FOLHA - O sr. chegou a trabalhar em alguma linha de criação?
KHERLAKIAN
- Eu deveria ajudar na criação, mas no dia-a-dia não desenvolvi nenhuma linha para a Zoomp. Eles me congelaram, me colocaram no escanteio, não conseguia fazer nada. Minha função era no máximo entrar no desfile. Quando falaram em fazer a RK Homem, desenvolvi uma linha com 250 referências, que nunca foi produzida. Parei de falar com eles. Só cobrava, não apenas o meu salário, mas que resolvessem os meus avais. Porque, ao assumirem a Zoomp, eles teriam a responsabilidade de trocar o aval, de renovar as dívidas. Eu ainda tenho responsabilidade sobre isso. Se eu entrar numa revendedora e quiser comprar um carro usado, não posso, porque meu nome está no Serasa.

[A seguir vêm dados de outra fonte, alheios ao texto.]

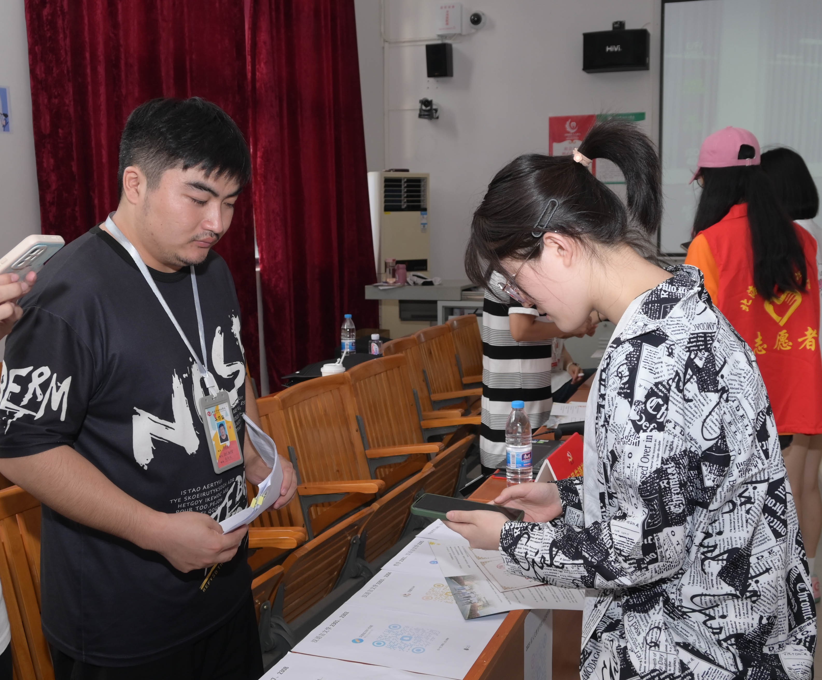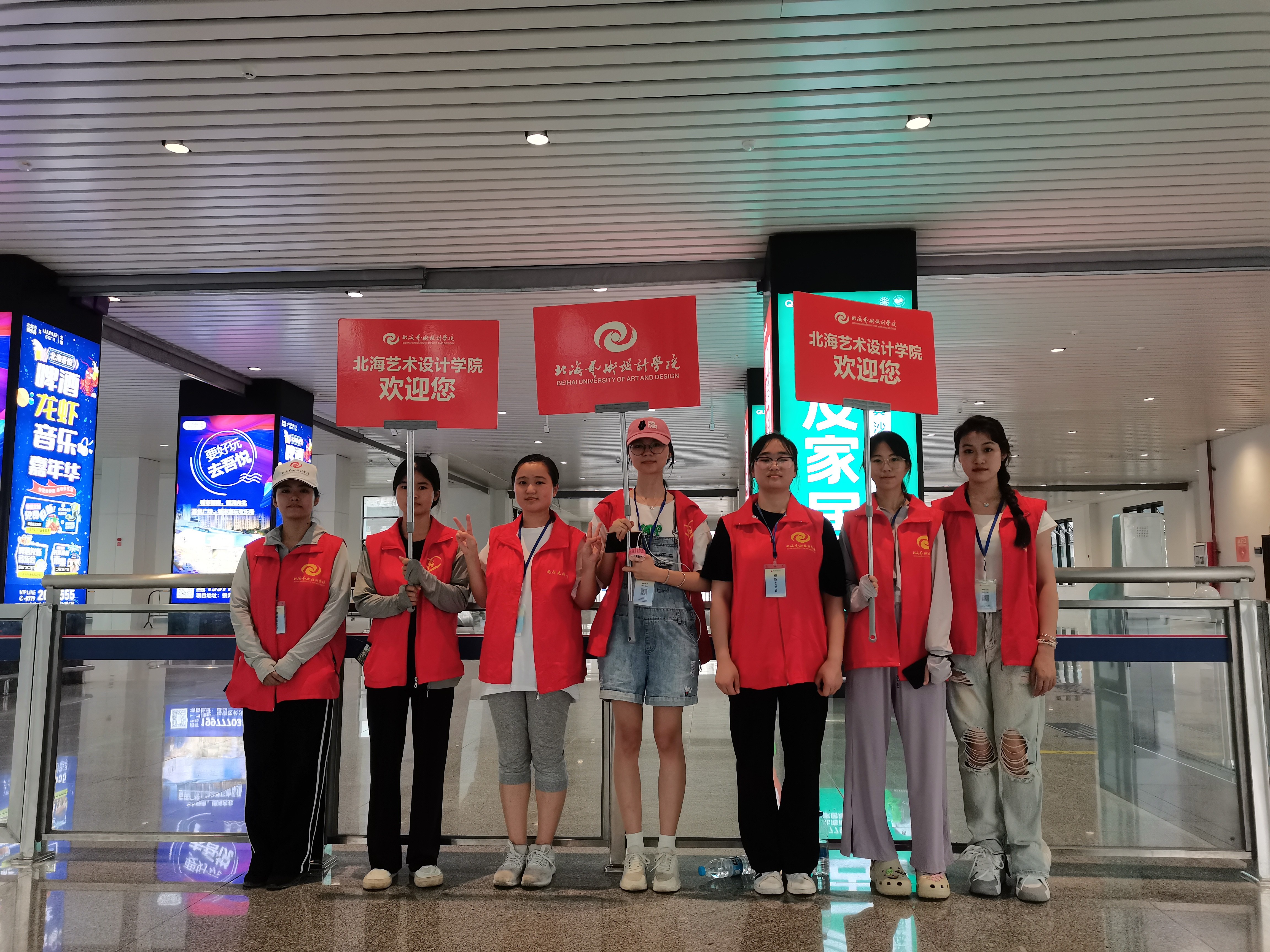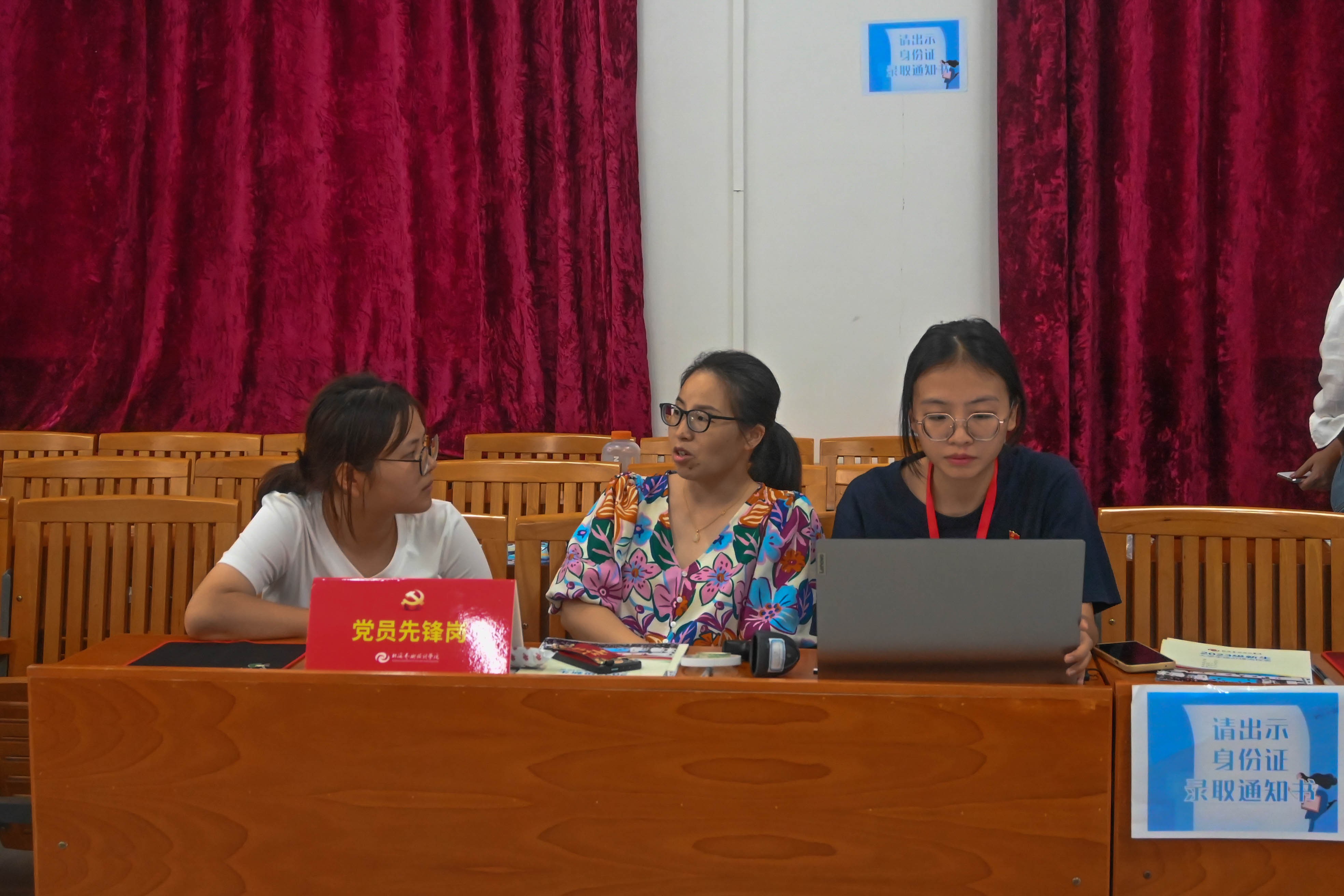 报到当天,教师党员、学生预备党员以及入党发展对象、入党积极分子新生接待志愿者早早到达迎新场地。在火车站迎新接待点,志愿者在出站口高举接站牌翘首以盼,接到新生后便热情地引导他们到乘车点乘车,过程中主动帮新生学搬运行李,提醒大家注意安全。在校内迎新接待点,志愿者引导新生按照报到流程办理入学手续,帮助新生搬运行李,志愿者为新生介绍校园环境。为了方便新生及家长快速辨识,志愿者统一穿着红色志愿服,佩戴工作牌。纵使身心疲惫、大汗淋漓,志愿者仍精神饱满,认真做好迎新工作。

FOLHA - Por que o sr. decidiu vender a Zoomp ao grupo HLDC?
KHERLAKIAN
- Hoje posso contar, porque já terminou o sigilo contratual previsto. Mas em 2005 ou 2006, sentei com o grupo Menegotti para tentar vender a Zoomp. Também fui a Milão, falar com o grupo IT. Ouvi outras propostas, algumas indecorosas. A situação pedia que eu me livrasse o mais rapidamente possível da empresa.
No auge da crise da Zoomp, antes de vendê-la, eu tive um sonho, que nunca contei para ninguém até agora. Sonhei com um grande comício, onde havia um palanque com vários políticos. No meio do palanque, estávamos o presidente Lula e eu. Ele discursava, gritando para o povo que eu "era o homem", que a "Zoomp era um ícone nacional". Eu sonhei que estava sendo salvo pelo governo federal. Já pensou nacionalizar uma marca como a Zoomp e fazer 5 milhões de jeans com o raio para o povo brasileiro?